Jules Bass, the host, producer, director and songwriter who partnered with Arthur Rankin Jr. on the stop motion holiday television specials Rudolph the red nosed reindeer, Frosty the Snowman and Santa Claus is coming to town, is dead. He was 87 years old.

Bass died Tuesday at an assisted living facility in Rye, New York, publicist Jennifer Fisherman Ruff said. The Hollywood Reporter.

Rudolph the red nosed reindeerbased on the song popularized by Gene Autry and featuring the vocals of Burl Ives, debuted in 1964. Frosty the Snowmanwith Jackie Vernon and Jimmy Durante, lost in 1969, and Santa Claus is coming to townstarring Fred Astaire, premiered in 1970. All three have remained strong TV draws over the decades.

Rankin/Bass Productions’ stop-motion animation features were done by Japanese animators and were laborious to make, with thousands of stills of their characters’ incremental movements stitched together at 24 frames per second in a process called “Animagic”. ”

Bass also directed and produced crazy monster partya 1967 feature film starring Boris Karloff and Phyllis Diller.

Born in Philadelphia on September 16, 1935, Bass attended New York University and worked at an advertising agency before joining former ABC art director Rankin at his film production company Videocraft International (later known as Rankin/Bass Productions name).

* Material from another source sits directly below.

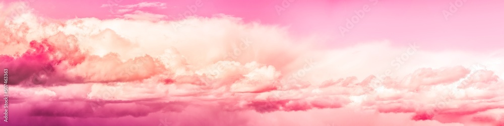 Panorama of sky with effect of living coral colors. Color of the year 2019. livingcoral

Said Rankin in a 2005 interview: “We sort of complemented each other. He had some talents that I didn’t have, and I had some talents that he didn’t have. I was fundamentally an artist and a creator; he was a creator and a writer and a lyricist.

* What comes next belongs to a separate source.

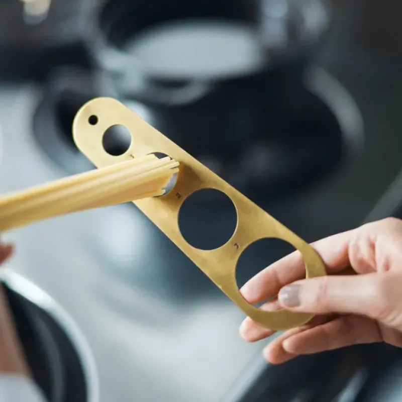 This beautiful Brass Pasta Measure has four different measuring holes to identify the correct amount of spaghetti for 1-4 servings.

The duo’s first production was the syndicated television series The New Adventures of Pinocchiowhich debuted in 1960. They offered a total of 130 five-minute chapters, which made a five-chapter, 25-minute episode series.

The couple shared an Emmy nomination for Outstanding Children’s Special in 1977 for their work on The Little Boy Drummer Book II and received a Peabody a year later for their animated version of The Hobbit. They also managed an adaptation of another JRR Tolkien property, The king’s returnin 1980.

Their other TV projects included 1966 The Ballad of Smokey the Bear1967 The wacky world of Mother Goose1968 The little boy drummerthe 1971 Easter special This is Peter Cottontail1974 The year without Santa Clausthe 1971-72 series Jackson 5ivethe 80s series Thundercats and the 1983 animated film conical heads.

He and Rankin co-directed The last unicorn (1982), with the voices of Jeff Bridges, mia farrow, Angela Lansbury, Alan Arkin and Robert Klein and songs composed and arranged by Jimmy Webb and performed by America.

Rankin deceased in January 2014 at age 89.

Bass wrote the children’s books Grass, the Vegetarian Dragon and cooking with herbsand his 2001 novel, Headhunterswas adapted for the 2011 film Monte Carlofeaturing Selena Gomez.

His daughter, Jean Nicole Bass, died in January at the age of 61.